One day, I created my own picture book, "Thumbellina." It was not perfect or excellent, but I treasured the book. When I showed my own Thumbellina to my friends, they asked to borrow the book with the one voice. After that, I often made some picture books in my spare time."
Nam Ji-une dreamed of becoming a famous painter. She enjoyed studying art. So her mother sent her to an art academy to develop her artistic ability. Nam won many prizes in art contests. Receiving the prizes encouraged her to study art after high school graduation, and she entered Applied Art College.
The more she studied, the more she desired to study about handicrafts. So she went to Japan, which has developed manual arts better than Korea. Although there were many kinds of handicrafts, she chose Egg-art because of its unique materials and rosy future.
At first, Egg-art catered to the nobility because it originated as luxury ornaments in Imperial Russian. However, after passing from Europe to America, it became more common and acquired a fancy tendency in Japan.
Nam Ji-une endeavored to add a Korean motif to Egg-art by using Korean folk painting and traditional jewelry materials such as pumpkin or mother-of-pearl. In the beginning, it was difficult to import ostrich's eggs; so, after returning to Korea, she formed her own handicraft group. The group eventually became nationwide and established the Korean Egg Art Association (KEAA) in 1993. KEAA offers various Egg-art courses and students can become qualified egg-artists through yearly examinations. Nam is Seoul president of KEAA and instructs many people in her own workshop.
"To promote Korean-type Egg-art, students should make two traditional works the qualification tests. Making eggs in the Korean-style is most difficult because the students are required to draw delicate paintings as well as elaborate cutting. But I think that any art should include each nation's special features no matter than where it was originated. That is why I intentionally display Korean-type works in every exhibition and teach the style to my students."
Oriental people generally prefer Western things such as pop songs, rap music, hamburger, coke, and so on. Westerners have a friendly feeling toward Orientalism as well. A few years ago, Nam's novel works whose subject was Korean flower cards attracted favourable attention in an exhibition held in Europe. In spite of not knowing how to play the flower cards, she frequently applies them to her art.
The KEAA exhibition will be held from the 23rd to the 29th of this march at the Sejong Center for the Performing Arts. Nowadays, Nam Ji-une is creating typical works and Korean-types for the forthcoming show. Usually, fake jewelry is used in the arts. But for this show, Nam especially uses real traditional jewelries for her works to strengthen its folk beauty.
"When I went to a zoo, I gazed intently at eggs of turtles, snakes, crocodiles and so forth. Ostrich, goose and duck's eggs are most commonly used because of the eggs’ firmness. So making handiwork with reptiles' eggs will be fun.
It is a great pleasure to give myself up entirely to the art. Some people envy me because they only can do the art during their free time. But I do it all the time!"
After work, she returns to the life of an ordinary housewife and mother of two daughters.

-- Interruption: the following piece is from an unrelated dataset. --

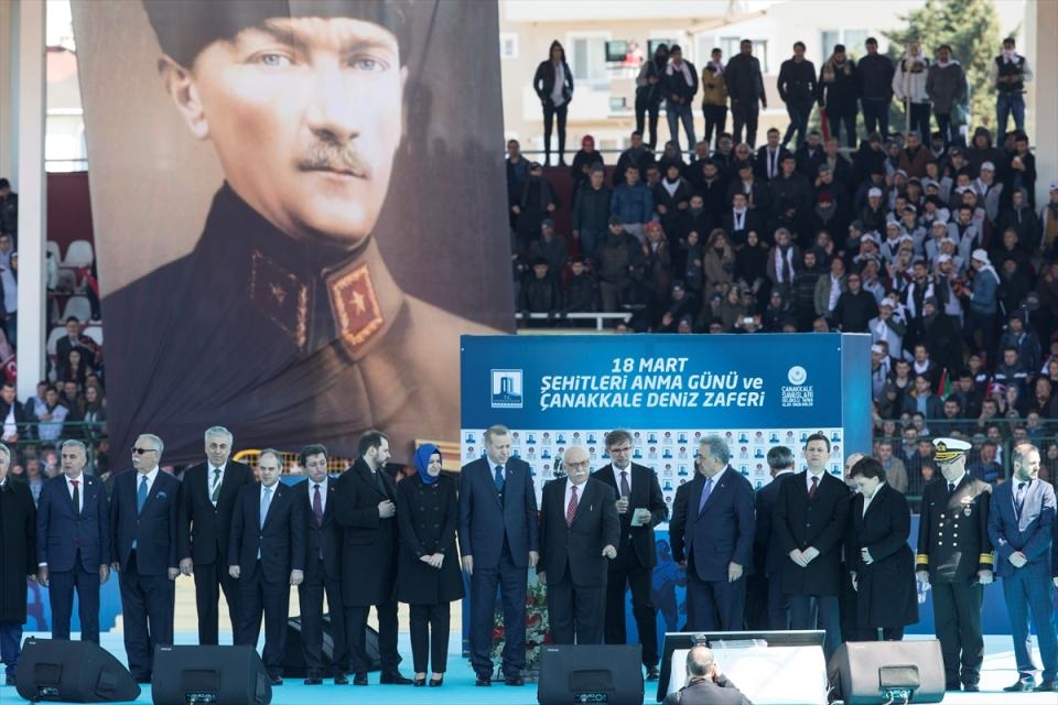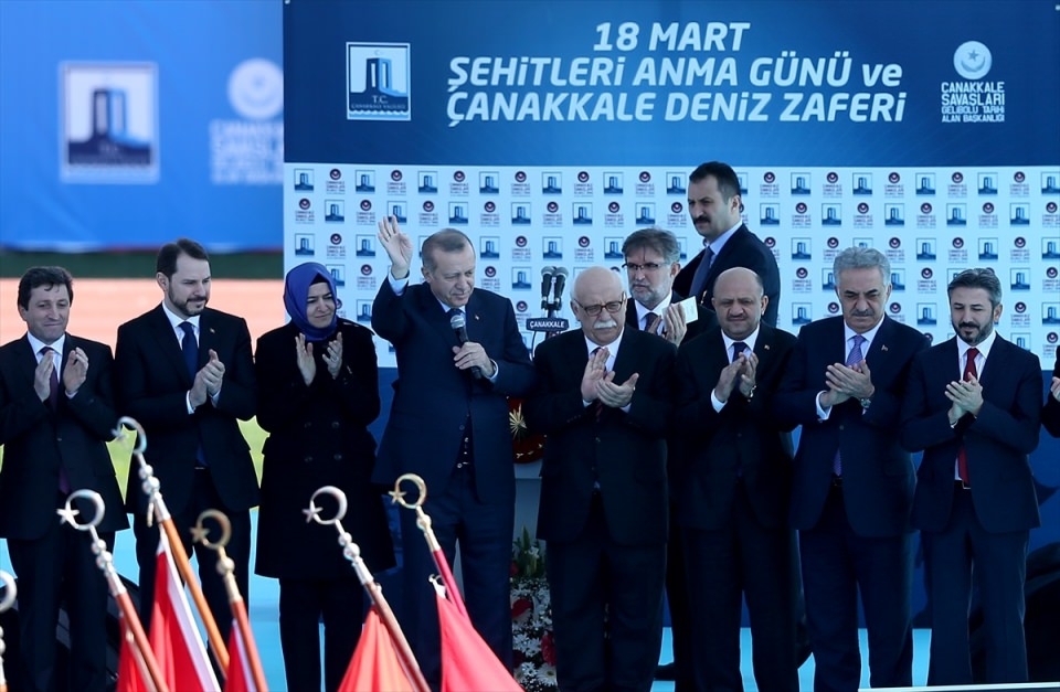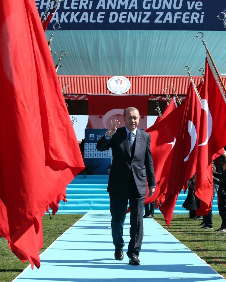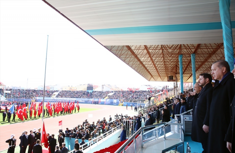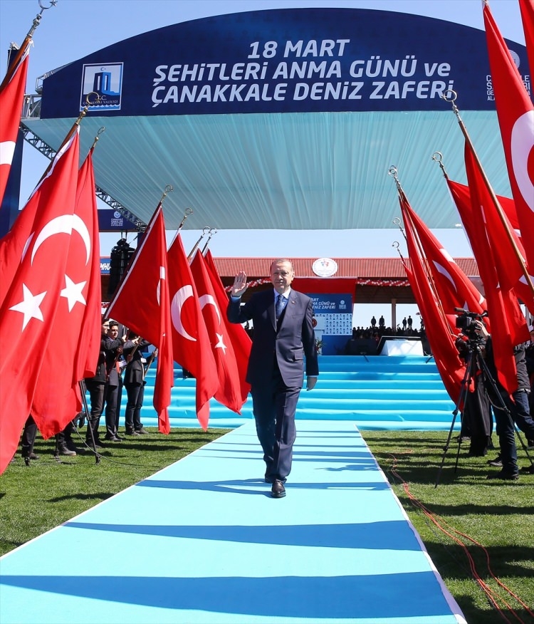 Cumhurbaşkanı Recep Tayyip Erdoğan, 18 Mart Şehitleri Anma Günü ve Çanakkale Deniz Zaferi'nin 102. yılı dolayısıyla 18 Mart Stadyumu'nda düzenlenen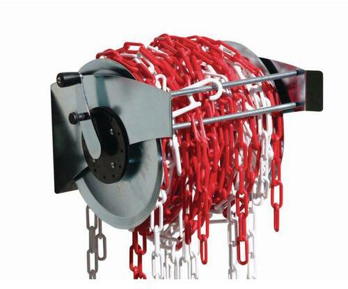 Sorompó láncelemekkel az optimális láthatóság érdekében. Átmenetileg kijelöli a korlátozott hozzáférésű területeket. Falra szerelhető, vagy kampós oszlopra rögzíthető.

She is good at cooking but not as much as her mother. Her mother was dexterous; so she made some clothes for her family by herself. Nam Ji-une said her dexterity was inherited from her mother.
"Most people like Egg-art, and the art is progressing steadily and multifarious materials and subjects are being added. I'll spend my whole-lifetime with the art, too. In a few years, I'm going to move to the quiet countryside and do my art there. And, I want to breed egg laying animals by myself."
Her life is Egg-art. As she keeps living her art, Nam Ji-une is the Thumbellina of Egg-art.